Monday, November 30, 2009

Flying

If I was a contestant on Family Feud, and Richard Dawson had just kissed all of the female members of my extended family, and the next category on the board came up, and it was Why People Listen to Music, well, my top answer would probably be, To Relax, or To Feel Good. But if I was answering for myself, rather than trying to predict the tastes of the hoi polloi, I might go with something a little more subtle - such as, to be carried away from the immediate present, and, often, into the past.

For isn't that part of the reason that 97.9, or WBJC, or whatever's in your CD player right now, appeals? Turn it on, turn it up, and you're suddenly somewhere else - either in an abstract sense, as you ride a wave of Bollywood polyphony, or in a nostalgic sense, as you listen to that old Chris De Burgh song that you loved when you were 13.

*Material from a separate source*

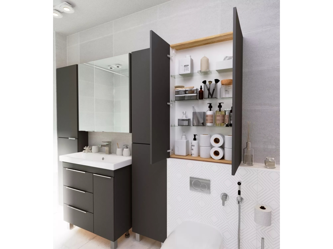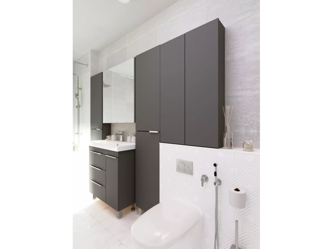 Шкаф, который представляет собой невероятно эффектную, стильную и одновременно функциональную систему хранения для любой ванной комнаты вне зависимости от ее стилистики и цветового оформления. Комбинация открытых и закрытых шкафов и полок позволяет с одной стороны надежно скрыть от глаз все лишнее, а с другой - разместить аксессуары и предметы декора, преображающие пространство и подчеркивающие его индивидуальность. Благодаря особой продуманной конструкции шкаф будет уместен даже в небольших ванных комнатах, в которых важно задействовать максимум свободного пространства.

But of course music's not the only tool that allows us to travel in such lovely vicarious ways. I'll resist the temptation to point out that you're doing something similar in simply reading this, but you can probably think of other analogies, as well. Really, such options are all around us. Just last week, for instance, Cleo and I peered down into the Jones Falls and saw a small group of male hooded mergansers (see the picture above). They were simply preening, and floating, but their very presence in Baltimore in late November suggested migrations and flights south. And then, too, I drove Cleo out to the airport recently on a rainy late morning, as we simply looked for an interesting place to walk, and to learn. But once in an airport, even as a mere pedestrian, who can resist looking at the large tables of outbound flights, and thinking, That could be me, on the flight to Miami.

I chatted briefly with the server at Starbucks this morning, and she mentioned that the turn in the weather had her thinking about going south. Where would you go? I asked. Somewhere, she said, south of the equator.

A fair answer, to be sure - but in small ways, isn't she already there?